Mais l'Aoide commença de chanter admirablement l'amour d'Arès et d'Aphroditè à la belle couronne, et comment ils s'unirent dans la demeure de Hèphaistos. Arès fit de nombreux présents, et il déshonora le lit du Roi Hèphaistos. Aussitôt Hèlios, qui les avait vus s'unir, vint l'annoncer à Hèphaistos, qui entendit là une cruelle parole. Puis, méditant profondément sa vengeance, il se hâta d'aller à sa forge, et, dressant une grande enclume, il forgea des liens qui ne pouvaient être ni rompus, ni dénoués.
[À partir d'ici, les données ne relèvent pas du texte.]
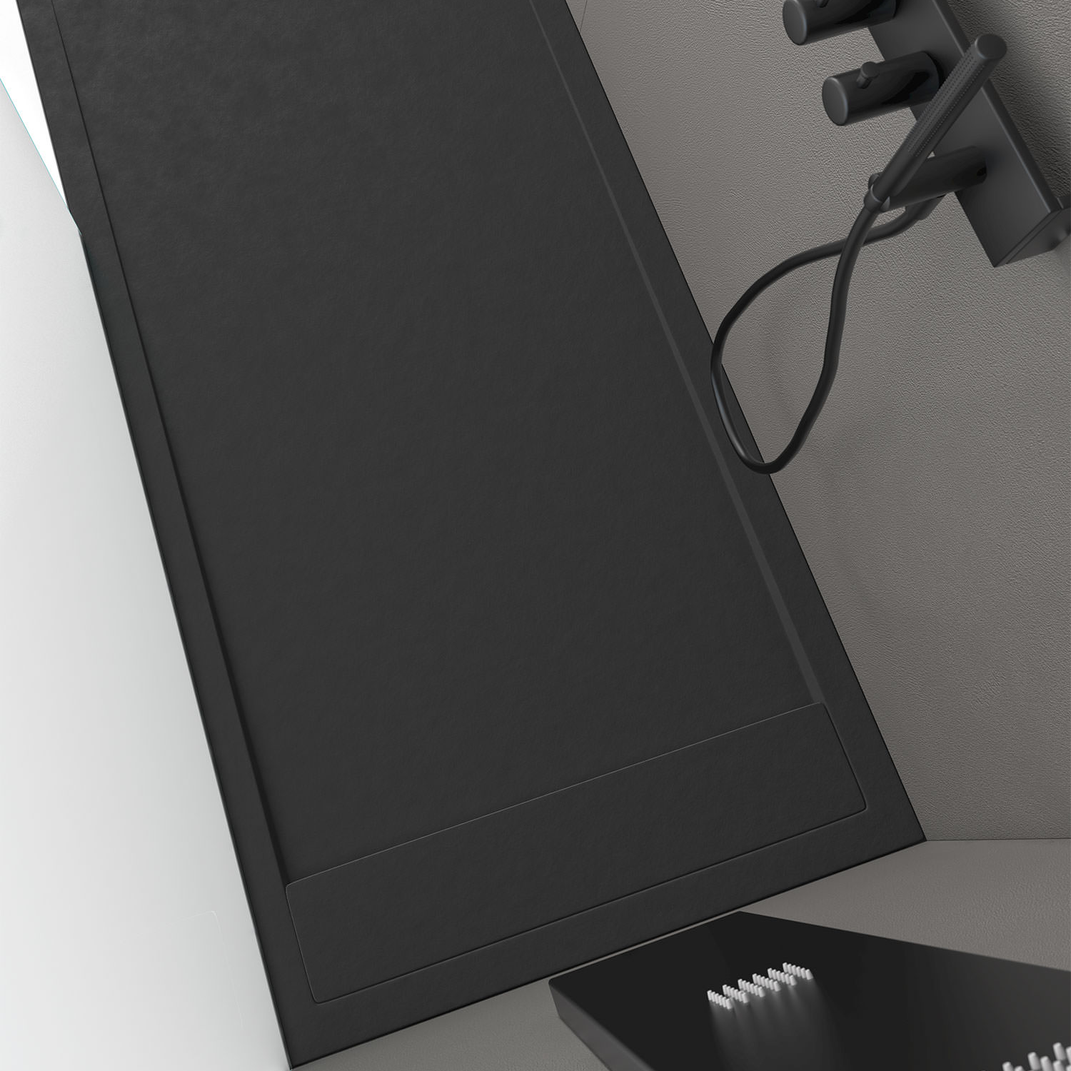 Este plato de ducha presenta un diseño semi enmarcado en tres lados, con tapa lateral del mismo material, logrando una estética elegante y uniforme. Además, su tratamiento antideslizante clase 3 ofrece máxima seguridad en el uso diario, evitando resbalones incluso en entornos húmedos.

Ayant achevé cette trame pleine de ruse, il se rendit dans la chambre nuptiale où se trouvait son cher lit. Et il suspendit de tous côtés, en cercle, ces liens qui tombaient des poutres autour du lit comme les toiles de l'araignée, et que nul ne pouvait voir, pas même les dieux heureux. Ce fut ainsi qu'il ourdit sa ruse. Et, après avoir enveloppé le lit, il feignit d'aller à Lemnos, ville bien bâtie, celle de toutes qu'il aimait le mieux sur la terre. Arès au frein d'or le surveillait, et quand il vit partir l'illustre ouvrier Hèphaistos, il se hâta, dans son désir d'Aphroditè à la belle couronne, de se rendre à la demeure de l'illustre Hèphaistos. Et Aphroditè, revenant de voir son tout-puissant père Zeus, était assise. Et Arès entra dans la demeure, et il lui prit la main, et il lui dit :

— Allons, chère, dormir sur notre lit. Hèphaistos n'est plus ici ; il est allé à Lemnos, chez les Sintiens au langage barbare.